In some reports you have dealt also with party financing – why?

GRECO was created in 1999, 20 years ago, and works by thematic evaluation cycles. The first two monitoring cycles lasted 5 to 6 years. They were almost basic cycles, so we checked the compliance of national laws with international treaties, national criminal laws and procedures, national institutions against corruption: a simple but fundamental monitoring, in the sense that this is the basis of the fight against corruption, but it has mainly been a compliance monitoring, "tick to box".

From the third cycle of evaluations onwards (we are currently in the fifth evaluation cycle), we have begun to deal with the issue of corruption in the political system and therefore the first point we have dealt with was that of the transparency of the financing of political parties and election campaigns. At the time, we are talking about the mid-2000s, it was a novelty because few international organisations were dealing with the issue and few states had a national regulation on the transparency of the financing of political parties. The reason for the interest is quite evident because no organisation, no state is immune to corruption and therefore it is important that political representation bodies such as political parties have a system of transparency that allows corruption to be prevented. The purpose of transparency measures is primarily a preventive purpose. Transparency is key to accountability.

The fourth and fifth cycles that are currently underway continue this logic. The fourth monitoring cycle dealt with the issue of preventing corruption of MPs, judges and prosecutors (that are both magistrates in Italy, but separate categories in many countries). The fifth evaluation cycle concerns the prevention of corruption in central governments and police forces. When I talk about central governments I refer to the highest offices of the state and all the executive power of a country, so we remain in the field of preventing political corruption.

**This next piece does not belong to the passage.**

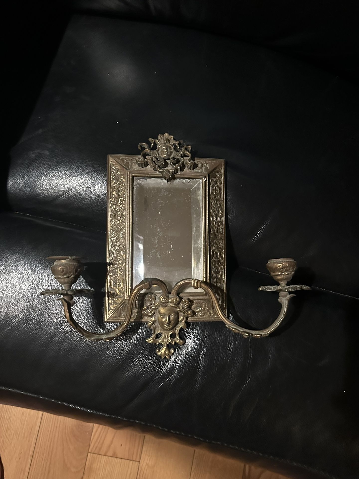 This features a central mirror with brass ornate detailing, including a face motif and is flanked by two candle holders. Likely from the 19 th century and exemplifies styles such as Baroque, Rococo, or Victorian, possibly of French origin. Have only one.

What are the main recommendations regarding party financing?

A premise: when we do these monitoring activities, we formulate specific recommendations for each country. However, these recommendations are based on the standards that the Council of Europe and its member states set. In this case, the Committee of Ministers of the CoE has adopted Recommendation No. R (2003) 4 on common rules against corruption in the funding of political parties and electoral campaigns which dictates the general reference framework on the basis of which GRECO’s, country-specific recommendations are subsequently adopted.

Our main recommendations are first and foremost the need for transparency on the origin of the funding, so making sure that the political parties and the various candidates in the political elections, make the sources of funding known to the public. We tend to be against anonymous donations. Another part of the recommendation concerns control, hence the need for independent monitoring of the financing of political parties and electoral campaigns, which must also naturally have a sanctioning power.

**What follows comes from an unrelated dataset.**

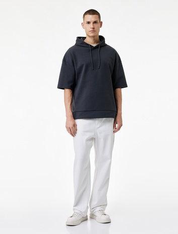 Kısa Kollu Kapşonlu Pamuklu Oversize Spor Sweatshirt
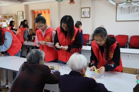2018年10月20日,杏色 青年志愿者协会于瑞芝康健老年公寓组织开展了志愿者敬老活动。此次是本学期首次开展的敬老院志愿活动。活动围绕“丰富老人精神文化生活”这一主题,以青年“服务大众,锻炼自我”为宗旨,倡导青少年爱老敬老助老的传统美德。17名杏色 的学生参与了本次活动。

These rules apply to both public and private financing. Of course it is simpler in the case of public funding because it has a fairly secure transmission channel. More complex and therefore more important are the rules on transparency of private financing.

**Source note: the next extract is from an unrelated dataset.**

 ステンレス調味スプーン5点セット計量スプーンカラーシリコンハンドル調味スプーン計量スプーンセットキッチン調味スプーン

Any specific recommendation to Italy?

GRECO works by thematic monitoring cycles, therefore Italy, like all the other European countries, has been subject to this monitoring which concerns, among other things, the issue of financing political parties. The first report on Italy on this matter was adopted in 2012. When we adopt an evaluation report, we give the state 18 months to implement the recommendations. After these 18 months we prepare a compliance report, in the sense that we verify the extent to which our recommendations have been implemented, and this is a process that is repeated more or less every year until the country has adopted a certain percentage of our recommendations.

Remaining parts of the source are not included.